As well as economic capital, a family’s social and cultural capital influenced the quality of digital engagement and outcomes.

  • For instance, Digital Experts, Digital Entrepreneurs and Digital Critics were more likely to have quality devices that encouraged and enhanced the depth of user engagement such as laptops and desktop computers, while other dispositions such as our Digital Sceptics, Digital leisure seekers, and Digitally Alienated families, typically favoured smart phones which tend to diminish user engagement, creation and information seeking behaviour, a trend toward a “mobile underclass” (Napoli & Obar, 2014). While the affordability of these devices is a factor, smart phones are increasingly designed around social interaction and are therefore a major draw card for larger geographically dispersed families who place a high value on maintaining strong cultural and familial bonds.


Contrary to narratives about the democratising benefits of the internet, civil and political participation online was generally low across all families studied.

  • It was interesting that most families were less inclined to participate in civil or political debate on social media or news platforms.

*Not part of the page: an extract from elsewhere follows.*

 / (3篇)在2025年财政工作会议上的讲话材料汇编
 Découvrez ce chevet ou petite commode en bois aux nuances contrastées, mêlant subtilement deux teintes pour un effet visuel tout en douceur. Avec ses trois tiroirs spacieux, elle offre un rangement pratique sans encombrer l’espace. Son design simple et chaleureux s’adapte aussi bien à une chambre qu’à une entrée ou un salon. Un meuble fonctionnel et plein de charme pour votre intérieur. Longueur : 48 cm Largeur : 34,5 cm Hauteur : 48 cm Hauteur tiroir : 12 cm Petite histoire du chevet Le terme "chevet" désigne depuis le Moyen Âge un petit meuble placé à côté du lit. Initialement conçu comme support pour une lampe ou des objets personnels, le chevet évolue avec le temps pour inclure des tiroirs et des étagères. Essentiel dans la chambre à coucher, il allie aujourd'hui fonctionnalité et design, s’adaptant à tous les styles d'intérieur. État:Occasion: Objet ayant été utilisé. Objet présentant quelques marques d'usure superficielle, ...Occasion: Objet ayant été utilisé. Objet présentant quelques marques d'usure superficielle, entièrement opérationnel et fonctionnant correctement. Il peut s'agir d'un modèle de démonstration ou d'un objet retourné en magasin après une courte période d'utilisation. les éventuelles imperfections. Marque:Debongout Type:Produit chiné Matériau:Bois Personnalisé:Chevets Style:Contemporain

Many regarded this as too toxic and risky. Some felt the need to minimise social media exposure for cultural or health reasons, while others described themselves as spectators enjoying displays of conflict but not venturing to take part. However, it was striking that most did not claim to place opinion in public settings online, or intentionally join political movements or interest groups. Digital Experts and Digital Critics, however, were far more likely to be aware of social and political issues, to research these online, to discuss and contest these among each other, developing critical skills to authenticate information sources increasing political capital offline.

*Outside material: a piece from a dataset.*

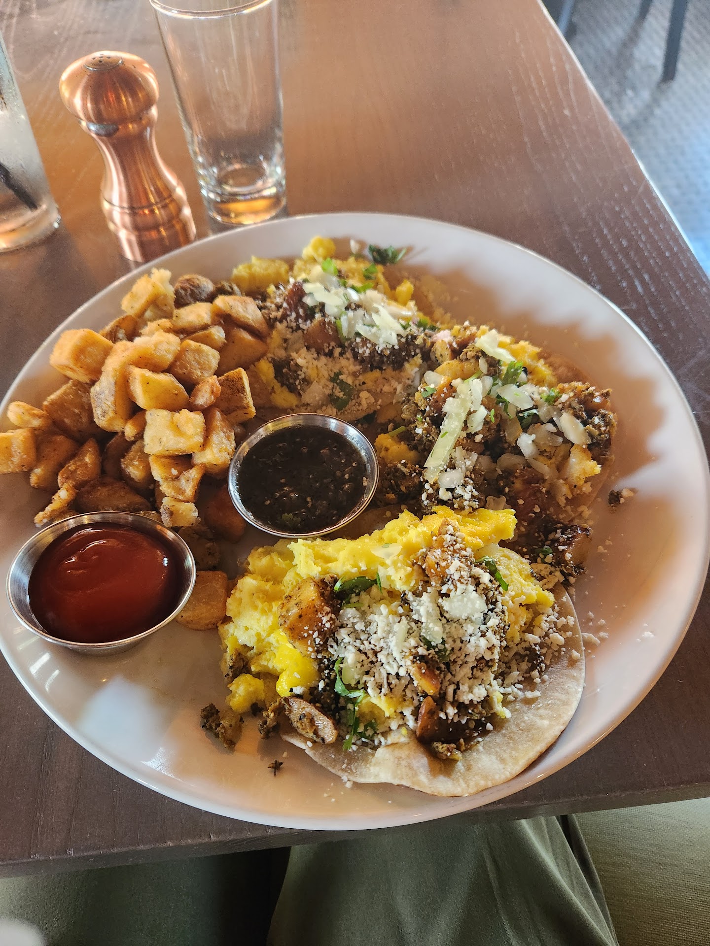 Read moreOne of my favorite brunch spots in KCMO. I LOVE their shrimp and grits & blackened shrimp tacos. I typically get that every time I go , which is pretty often. I’ve also tasted their chicken wings, social burgers / fries and other items and are all very good as well. My problem actually comes from my two favorites , the grits and tacos which is disappointing. They are never consistent with how it tastes. I notice in the morning it tastes delicious and is VERY flavorful. Towards early afternoon ( 2:30pm ) is when I went yesterday , that it tastes so bland and is even missing some ingredients that are usually there in the morning. I’m not sure the type of meat they put in it, maybe sausage? Whatever it is , is NEVER there in the afternoon. On top of that it just tastes so bland. Also have to use a few times where shrimp is a little undercooked. Being that shrimp only takes about 2 mins to make is crazy for it to be undercooked in any way. Shrimp is a very good size and tastes great when thoroughly cooked though. Lastly, I don’t appreciate how when you ask for utensils, and the servers, place the utensils directly on the table. I’m not sure if it’s just me, but I do not want to eat off of utensils that have touched the bare tables. Also, when I was being seated, the lady placed my menu right on top of the utensils, I originally had on the table, which is also gross, considering how many people touch the menus. All in all, I still enjoy this brunch spot, and of course will be returning, but likely only in the morning if I want...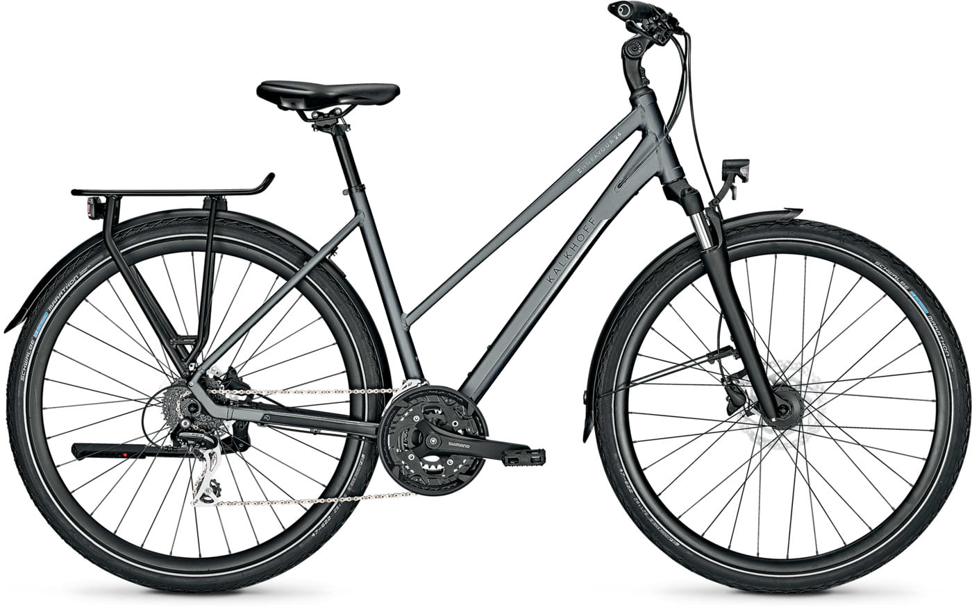Kalkhoff ENDEAVOUR 24 Ein edles Design kombiniert mit langlebigen Komponenten bietet das Kalkhoff ENDEAVOUR 24. Die 24 Gänge sorgen für eine gute Übersetzungsbreite, um auch steilere Wege zu bewältigen. Ein Gepäckträger, Schutzbleche und ein vom Nabendynamo betriebenes Licht machen dieses Rad zu einem super Begleiter im Alltag. Stellen Sie das Rad durch den verstellbaren Vorbau perfekt auf Sie ein und genießen Sie lange Radtouren ohne Beschwerden. Mit den Schwalbe Marathon Reifen sind Sie optimal für Trekkingtouren ausgerüstet – für den hauptsächlichen Gebrauch auf befestigten Wegen aber genügend Sicherheit auf kurzen Schotter und Forstwegen. Kalhoff. Schickes Design und wunderbare Alltagstauglichkeit mit dem Kalkhoff Endeavour 24!

Creativity, collaboration and sharing of content was limited generally, but all families had talents that could be transposed, and potentially flourish, in the digital context.

  • While industry narratives of the ‘digitally savvy’ young generation promote the potential for collaboration and productivity, most children did not produce content (vlogs or blogs, streaming content to public audiences) in their extracurricular time.

  • While parents and children might share personal information with family and friends, producing and sharing content with public audiences was generally not practised by parents or children in most families in the study.

  • Only our Digital Experts and Digital Entrepreneurs applied (school sanctioned) digital tools to create and share content in their extracurricular time and used these in ways that could generate capital benefits.

  • For the most part, educative and policy narratives issue warnings to adults and young people to not share information, running counter to the development of skills required to manage and build identity in ways that enhance capital and allow you to compete in the digital environment.

Study details

  • The study was conducted between August 2020 to August 2021.

  • A mixed methods approach was used, which included questionnaires and semi structured qualitative interviews. The questionnaires collected socio-economic data as well as data about digital practice. The interviews were conducted between August and September 2020. Most were conducted over Zoom due to Covid-19 pandemic conditions.

  • Fifteen families took part with 60% identifying as European New Zealanders, and around 20% identifying as Māori, 20% as Pasifika, 3% as Middle Eastern refugees. The sample consisted of 17 parents and 18 children ranging from aged 13 to 16.

  • Given the small sample findings should not be assumed to be statistically representative of all New Zealand families.

  • Research instruments were designed using Pierre Bourdieu’s theory of practice tools, to deepen understanding of the social conditions impacting digital practice and outcomes.